[What the exercise asks] All of the listing should be returned as written, apart from any picture in it.

[Data provided]
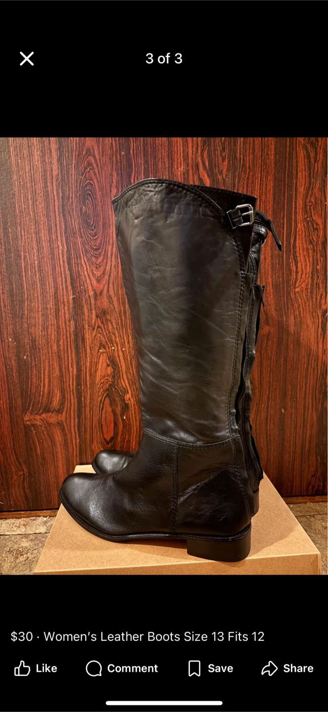 1 / 31 / 3Buy & SellLeather Riding Boots, Women's Size 13Leather Riding Boots, Women's Size 13$25Women's leather riding boots in size 13. They appear to fit a size 12. The boots are black and made of leatherConditionLike newBrandVero CuoioWHERE TO MEETCheck LocationView MapSELLERverifiedAshWishing Well Acres43736 reviews1 chats·3 favorites·41 viewsSEND CHAT TO SELLERHi Ash! I’m interested in your listing.Hi Ash! I’m interested in your listing.Get the Karrot app to chatSign In to chat
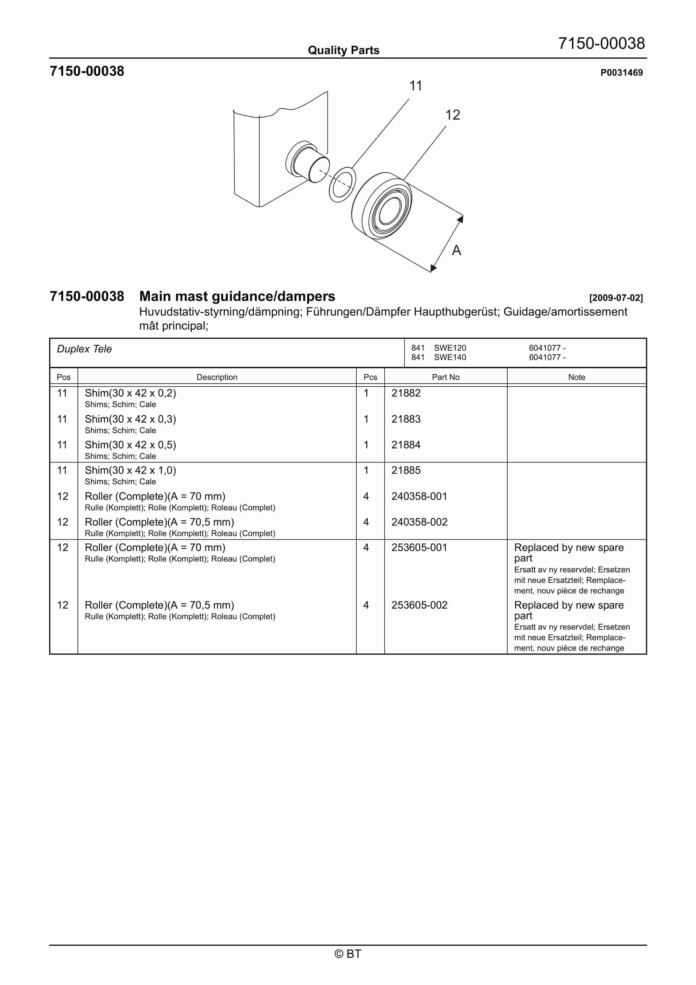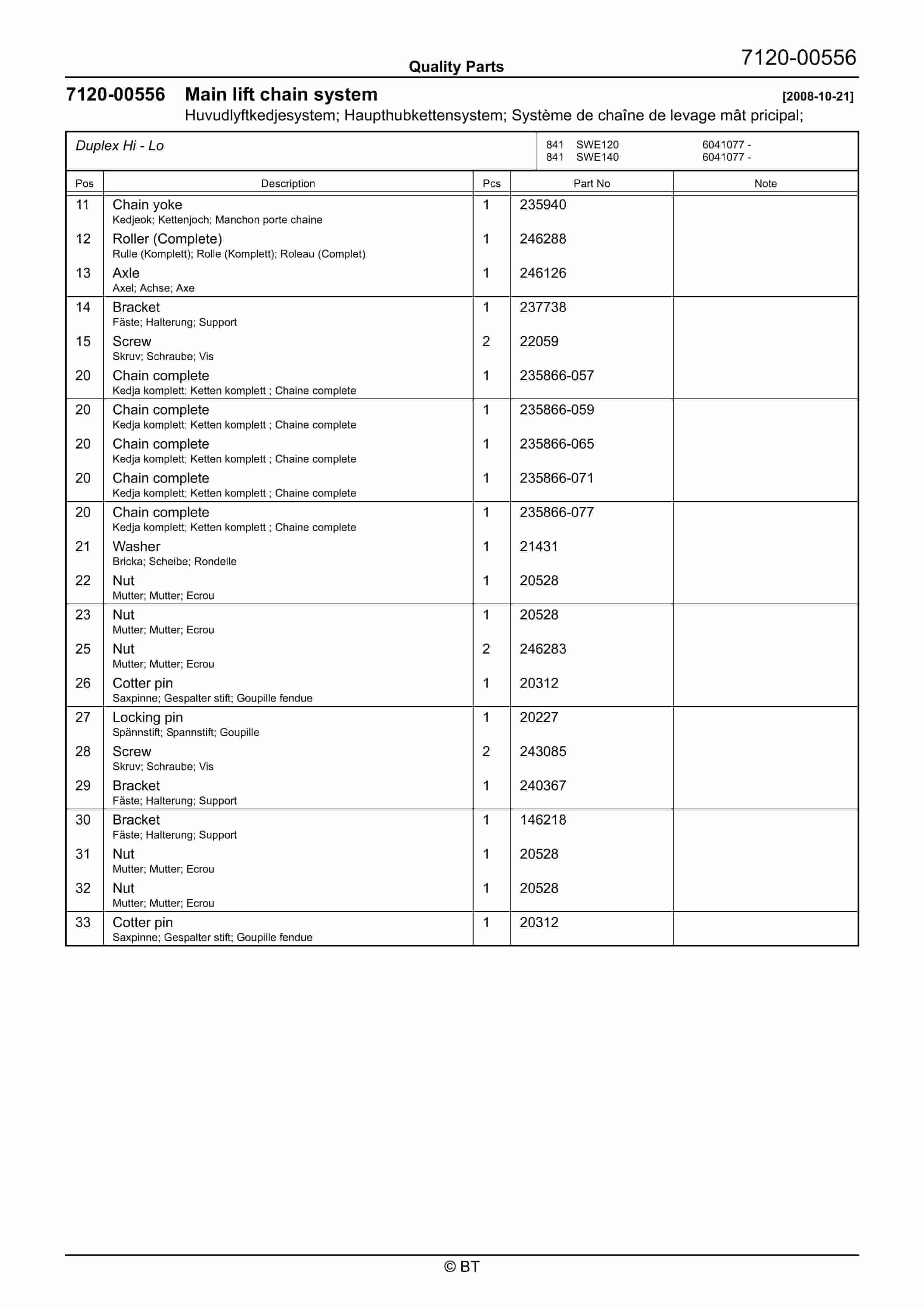 BT BTL20EW, BTL20EWO, BTL30EW, BTL30EWO, L20BR, L20BRO, L30BR, L30BRO Quality Parts 177967
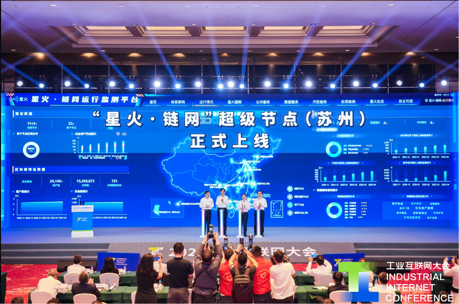 在2025工業互聯網大會開幕式上,“星火·鏈網”超級節點(蘇州)正式上線。江蘇省工業和信息化廳黨組書記、廳長朱愛勛,江蘇省通信管理局黨組書記、局長許繼金,蘇州市政協副主席、吳中區委書記丁立新,中國信息通信研究院院長余曉暉參與上線儀式。

[Exercise response]
 1 / 31 / 3Buy & SellLeather Riding Boots, Women's Size 13Leather Riding Boots, Women's Size 13$25Women's leather riding boots in size 13. They appear to fit a size 12. The boots are black and made of leatherConditionLike newBrandVero CuoioWHERE TO MEETCheck LocationView MapSELLERverifiedAshWishing Well Acres43736 reviews1 chats·3 favorites·41 viewsSEND CHAT TO SELLERHi Ash! I’m interested in your listing.Hi Ash! I’m interested in your listing.Get the Karrot app to chatSign In to chat
 BT BTL20EW, BTL20EWO, BTL30EW, BTL30EWO, L20BR, L20BRO, L30BR, L30BRO Quality Parts 177967
 在2025工業互聯網大會開幕式上,“星火·鏈網”超級節點(蘇州)正式上線。江蘇省工業和信息化廳黨組書記、廳長朱愛勛,江蘇省通信管理局黨組書記、局長許繼金,蘇州市政協副主席、吳中區委書記丁立新,中國信息通信研究院院長余曉暉參與上線儀式。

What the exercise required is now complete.